Thursday, May 3

The Artist Mama

Recently I read a (long) quote by Ira Glass:
“Nobody tells this to people who are beginners, I wish someone told me. All of us who do creative work, we get into it because we have good taste. But there is this gap. For the first couple years you make stuff, it’s just not that good. It’s trying to be good, it has potential, but it’s not. But your taste, the thing that got you into the game, is still killer. And your taste is why your work disappoints you. A lot of people never get past this phase, they quit. Most people I know who do interesting, creative work went through years of this. We know our work doesn’t have this special thing that we want it to have. We all go through this. And if you are just starting out or you are still in this phase, you gotta know its normal and the most important thing you can do is do a lot of work. Put yourself on a deadline so that every week you will finish one story. It is only by going through a volume of work that you will close that gap, and your work will be as good as your ambitions. And I took longer to figure out how to do this than anyone I’ve ever met. It’s gonna take awhile. It’s normal to take awhile. You’ve just gotta fight your way through.” ― Ira Glass
I'm not sure how to say this (and I'm still working my mind through it, so forgive me) but in many ways, being an artist is much like being a Mother.  You are trying to create good citizens, good people.  You fight hard, but you don't always know what you're doing.  you doubt yourself on a daily basis.  Your work is undervalued and the pay can be lousy.  There is an inherent pay-off, but it comes at a high cost. You put yourself out there, physically, mentally, emotionally, and sometimes the object of your work isn't cooperative or doesn't got he way you want it to, or think it should.  It's hard.

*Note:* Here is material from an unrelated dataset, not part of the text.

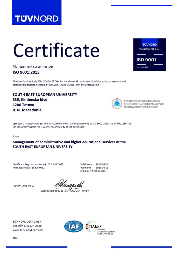 South East European University (SEEU) has achieved another significant success in its journey toward institutional excellence by renewing its certification with the prestigious international ISO 9001:2015 standard from TÜV NORD for another three years.
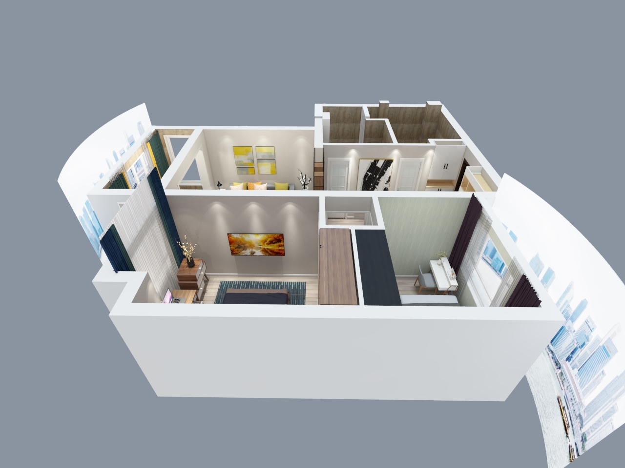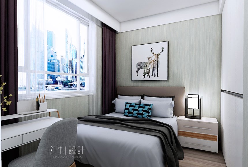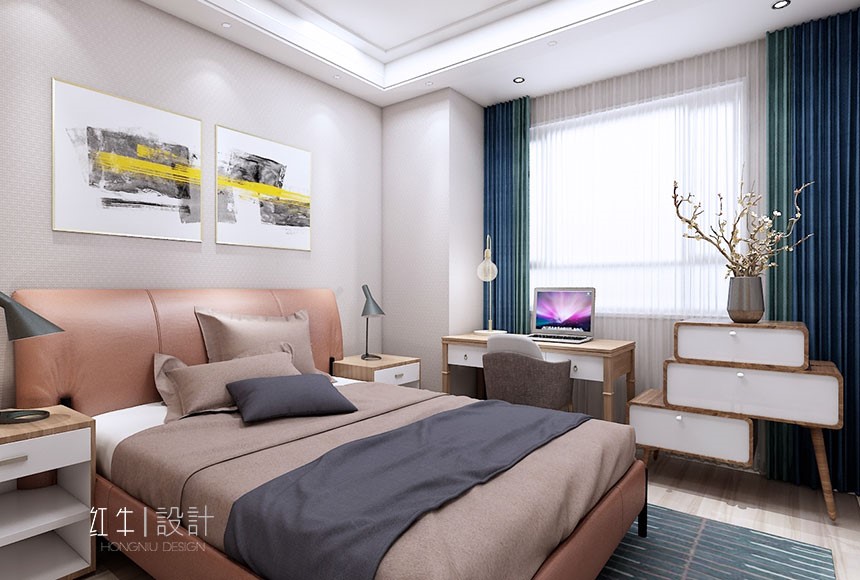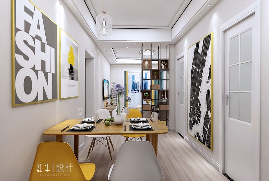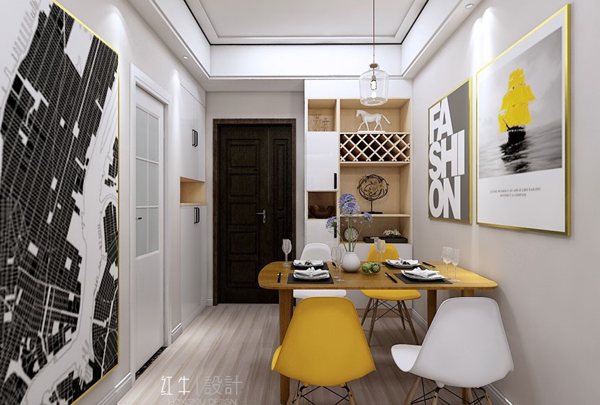現(xiàn)代人的生活習(xí)性,喜歡簡單明了不拖泥帶水的東西,都市的快節(jié)奏,讓人們希望在房子里找到家的溫馨。客廳淺灰色的墻面讓人有安靜下來的體驗(yàn),木色的家具,加以搭配撞色的門板,不會有原始的呆板。木色的家具配以時(shí)尚的撞色,大膽又不失規(guī)矩,甚是合適。大量的留白,使空間更加時(shí)尚和安靜。房間木色的拼色和皮質(zhì)的碰撞,配以稍深的墻紙,溫暖又清新,讓主人能在疲憊一天的工作中,舒服的進(jìn)入夢鄉(xiāng)。次臥朝北,運(yùn)用淺綠色的墻面,將空間帶進(jìn)自然,

But in some ways, being a mother is nothing like being an artist...


Spelling

My daughter plays on the floor
with plastic letters,
red, blue & hard yellow,
learning how to spell,
spelling,
how to make spells.

I wonder how many women
denied themselves daughters,
closed themselves in rooms,
drew the curtains
so they could mainline words.

A child is not a poem,
a poem is not a child.
there is no either/or.
However.

I return to the story
of the woman caught in the war
& in labour, her thighs tied
together by the enemy
so she could not give birth.

Ancestress: the burning witch,
her mouth covered by leather
to strangle words.

A word after a word
after a word is power.

At the point where language falls away
from the hot bones, at the point
where the rock breaks open and darkness
flows out of it like blood, at
the melting point of granite
when the bones know
they are hollow & the word
splits & doubles & speaks
the truth & the body
itself becomes a mouth.

This is a metaphor.

How do you learn to spell?
Blood, sky & the sun,
your own name first,
your first naming, your first name,
your first word.

~Margaret Atwood


I had a student who did a speech a year or two ago on how creative writing was like giving birth, and having given birth, I mentally scoffed at her.  She really did butcher the entire process, and didn't do her research to support her ideas.  Besides the fact that she was somewhat ignorant on the actual physical and mental process of giving birth there was the important part that she had not addressed.  Your children grow up.  They move away.  They have their own minds and ideas.  They rebel.  They make their own choices and have their own lives.  They break your heart.  Art does not do that.  It does not develop into anything other than what you create it to be.  It will not grow, get sick, date bad boys, choose careers that don't live up to it's potential.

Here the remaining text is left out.